What needs to be done: Copy out exactly the stretch of the listing below that begins at the line containing "Gloeiende boom op het water" and ends at the line containing "4月21日,中國(guó)水", and copy nothing outside it.

Available records:
_ _ _

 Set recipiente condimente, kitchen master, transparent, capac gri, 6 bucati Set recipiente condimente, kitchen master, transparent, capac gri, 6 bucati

_ _ _

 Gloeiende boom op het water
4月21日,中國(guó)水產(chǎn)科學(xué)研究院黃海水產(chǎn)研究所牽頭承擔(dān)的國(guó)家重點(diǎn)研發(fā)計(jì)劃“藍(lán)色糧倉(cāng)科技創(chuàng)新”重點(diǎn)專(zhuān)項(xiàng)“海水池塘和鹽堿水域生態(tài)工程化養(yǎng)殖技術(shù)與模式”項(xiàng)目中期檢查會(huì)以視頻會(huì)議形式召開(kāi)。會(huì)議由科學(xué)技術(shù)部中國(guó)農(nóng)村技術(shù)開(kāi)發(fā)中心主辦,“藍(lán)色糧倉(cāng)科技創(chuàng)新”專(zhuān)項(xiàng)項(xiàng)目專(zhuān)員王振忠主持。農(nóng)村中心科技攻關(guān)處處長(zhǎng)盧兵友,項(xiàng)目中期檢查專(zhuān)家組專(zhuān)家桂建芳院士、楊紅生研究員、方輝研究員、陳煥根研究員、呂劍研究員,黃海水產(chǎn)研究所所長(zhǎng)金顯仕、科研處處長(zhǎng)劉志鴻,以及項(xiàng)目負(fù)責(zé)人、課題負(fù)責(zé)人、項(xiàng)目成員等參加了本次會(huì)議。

_ _ _

Answer to this exercise:
 Gloeiende boom op het water
4月21日,中國(guó)水產(chǎn)科學(xué)研究院黃海水產(chǎn)研究所牽頭承擔(dān)的國(guó)家重點(diǎn)研發(fā)計(jì)劃“藍(lán)色糧倉(cāng)科技創(chuàng)新”重點(diǎn)專(zhuān)項(xiàng)“海水池塘和鹽堿水域生態(tài)工程化養(yǎng)殖技術(shù)與模式”項(xiàng)目中期檢查會(huì)以視頻會(huì)議形式召開(kāi)。會(huì)議由科學(xué)技術(shù)部中國(guó)農(nóng)村技術(shù)開(kāi)發(fā)中心主辦,“藍(lán)色糧倉(cāng)科技創(chuàng)新”專(zhuān)項(xiàng)項(xiàng)目專(zhuān)員王振忠主持。農(nóng)村中心科技攻關(guān)處處長(zhǎng)盧兵友,項(xiàng)目中期檢查專(zhuān)家組專(zhuān)家桂建芳院士、楊紅生研究員、方輝研究員、陳煥根研究員、呂劍研究員,黃海水產(chǎn)研究所所長(zhǎng)金顯仕、科研處處長(zhǎng)劉志鴻,以及項(xiàng)目負(fù)責(zé)人、課題負(fù)責(zé)人、項(xiàng)目成員等參加了本次會(huì)議。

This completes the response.